Я продолжала молчать, так мы и доехали в тишине до самого дома. Какое-то неясное, смутное чувство поднималось во мне, и, хотя я еще до конца не смогла разобраться в нем, я ощутила нервозное волнение, смесь возбужденного отчаяния и страха, как, наверное, перед прыжком с парашютом. Я знала, такое чувство всегда начинало тревожить меня в тот момент, когда я еще не понимала, нет, скорее нащупывала своей более животной, чем разум, интуицией, что что-то скоро изменится в моей жизни и что я уже сама подневольно стремлюсь к этой перемене.
Я должна сознаться: этот вечер произвел на меня впечатление, но не фраками и вечерними платьями присутствующих, а непривычной расслабленностью людей. Вспоминая их, да и всю атмосферу вечера, я догадалась, что самое разительно непривычное для меня было ощущение общей беззаботности.
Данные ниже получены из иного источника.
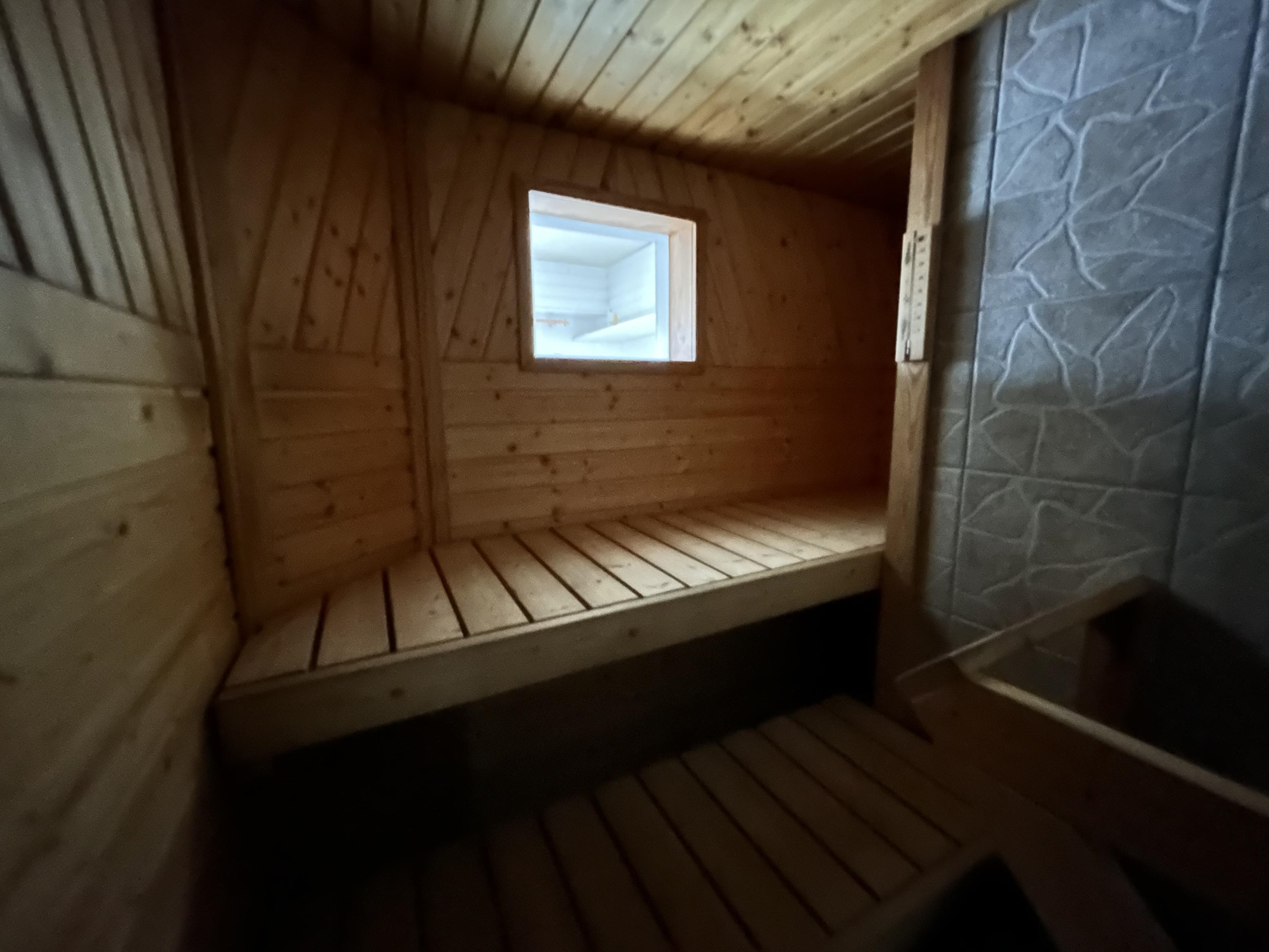 - Sauna, sähkökiuas, kylpyhuone, suihku, peilit, pesukoneliitäntä, kiinteät valaisimet.
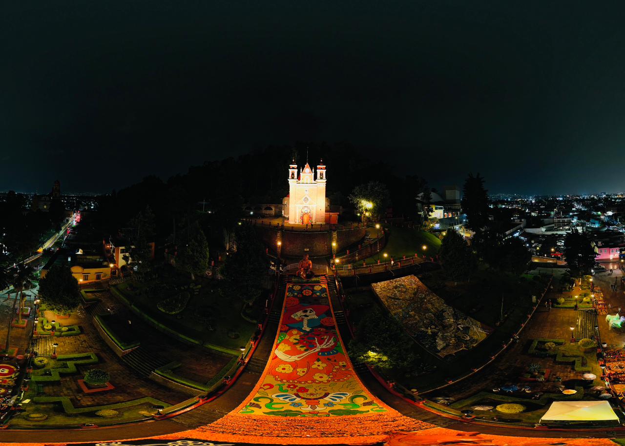 Vista aéres nocturna de la iglesia derl Calvario de Metepec, con su escalinata con motivos de Fiestas de Muertos 2025

Нет, я понимала, конечно, что у них, как и у любых нормальных людей, полно повседневных и неповседневных забот, но эти заботы казались мне другого порядка, чем, скажем, мои или моих знакомых. Какие улетные фантазии завораживали меня в те редкие минуты, когда я могла заставить себя не думать о том, чем платить в следующий месяц за квартиру или лечь ли мне сегодня в три часа ночи либо, наоборот, прямо сейчас, в двенадцать, и проснуться в четыре утра, чтобы успеть подготовиться к занятиям? Позвонить Катьке и поболтать с ней полчаса, узнав у нее все последние сплетни и перемыв и без того давно стерильные косточки всем нашим близким и далеким знакомым. Или, если Катьки не было дома, взять какой-нибудь самый простенький детектив, чтобы не задумываться, и, включив какую-нибудь туфту по телевизору, не проникаться до конца ни тем, ни другим.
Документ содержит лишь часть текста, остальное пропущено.